We will incrementally add features to our model, starting with the most "important" ones, to see how the model's performance changes on the **Training Set** versus the **Test Set**.

We will use the **Scikit-Learn** (`sklearn`) library, which is the industry standard for machine learning in Python.

In [None]:
import pandas as pd
import numpy as np
import matplotlib.pyplot as plt
import urllib.request

### 1. Data Loading and Preprocessing

We use the `pandas` library to load the data. `pandas` is excellent for handling tabular data (DataFrames).

In [None]:
# Download the file
url = "https://raw.githubusercontent.com/vincentarelbundock/Rdatasets/master/csv/ISLR/Hitters.csv"
urllib.request.urlretrieve(url, "Hitters.csv")

# Load into a DataFrame
df = pd.read_csv("Hitters.csv")
df

Drop the name column.

In [None]:
df = df.drop(columns=["rownames"])

Drop rows where the target `Salary` is missing, i.e. has the value `NaN`.

In [None]:
df = df.dropna(subset=['Salary'])
df

#### One-Hot Encoding
Machine Learning models generally require numerical input. Our dataset contains categorical text data (e.g., `League` is 'A' or 'N'). We use `pd.get_dummies` to convert these into numbers (0 or 1).

In [None]:
df = pd.get_dummies(df, drop_first=True)
df.head()

### 2. Feature Sorting by Importance

Before we train, we want to determine which features are the most important.
A simple heuristic for "importance" in linear regression is the **correlation** between a feature and the target variable.

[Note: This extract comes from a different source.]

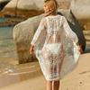 Nuevo Vestido de Playa para Mujer Transparente Sexy de Encaje de Manga Larga con Cuello en V para Mujer de Exportación Europea y Americana Transfronteriza 2024

- We calculate the correlation matrix.
- We sort the features based on the absolute value of their correlation with `Salary`.

Calculate the correlation Matrix.

In [None]:
correlations = df.corr()['Salary'].abs().sort_values(ascending=False)
correlations

Drop the feature `Salary` from the list.

In [None]:
sorted_features = correlations.drop('Salary').index.tolist()

In [None]:
print("Features sorted by importance (Correlation with Salary):")
for i, f in enumerate(sorted_features):
    print(f"{i+1}. {f} ({correlations[f]:.4f})")

### 3. Splitting the Data

We use `train_test_split` from `sklearn.model_selection`.

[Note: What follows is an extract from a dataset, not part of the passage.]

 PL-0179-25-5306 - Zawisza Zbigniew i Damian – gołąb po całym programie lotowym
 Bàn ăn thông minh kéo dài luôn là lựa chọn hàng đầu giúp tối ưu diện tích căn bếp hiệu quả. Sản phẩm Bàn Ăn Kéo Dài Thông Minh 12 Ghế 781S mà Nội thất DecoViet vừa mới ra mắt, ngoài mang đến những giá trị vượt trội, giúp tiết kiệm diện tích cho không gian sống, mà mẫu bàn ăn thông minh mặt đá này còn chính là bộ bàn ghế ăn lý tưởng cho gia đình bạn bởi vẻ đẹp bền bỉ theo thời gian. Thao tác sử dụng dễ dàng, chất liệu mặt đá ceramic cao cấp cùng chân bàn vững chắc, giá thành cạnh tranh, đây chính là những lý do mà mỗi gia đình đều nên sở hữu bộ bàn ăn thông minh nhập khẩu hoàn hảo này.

**Explanation of the function:**
- `train_test_split(X, y, test_size=..., random_state=...)`: This function randomly shuffles the data and splits it into two buckets.
- `test_size=0.5`: We set a very large test set (and consequently a **small training set**) to intentionally make it easier to overfit the model for this demonstration.
- `random_state=42`: Ensures the split is reproducible (we get the same random split every time we run the code).

In [None]:
from sklearn.model_selection import train_test_split

X = df[sorted_features]  # Features ordered by importance
y = df['Salary']         # Target

# Split the data
# We keep only 50 samples for training to simulate a 'low data' scenario where overfitting is common
X_train, X_test, y_train, y_test = train_test_split(X, y, train_size=50, random_state=42)

print(f"Training samples: {X_train.shape[0]}")
print(f"Test samples:     {X_test.shape[0]}")

### 4. The Experiment

We will now loop through our sorted features. In each iteration $k$, we utilize the top $k$ features to train a linear regression model.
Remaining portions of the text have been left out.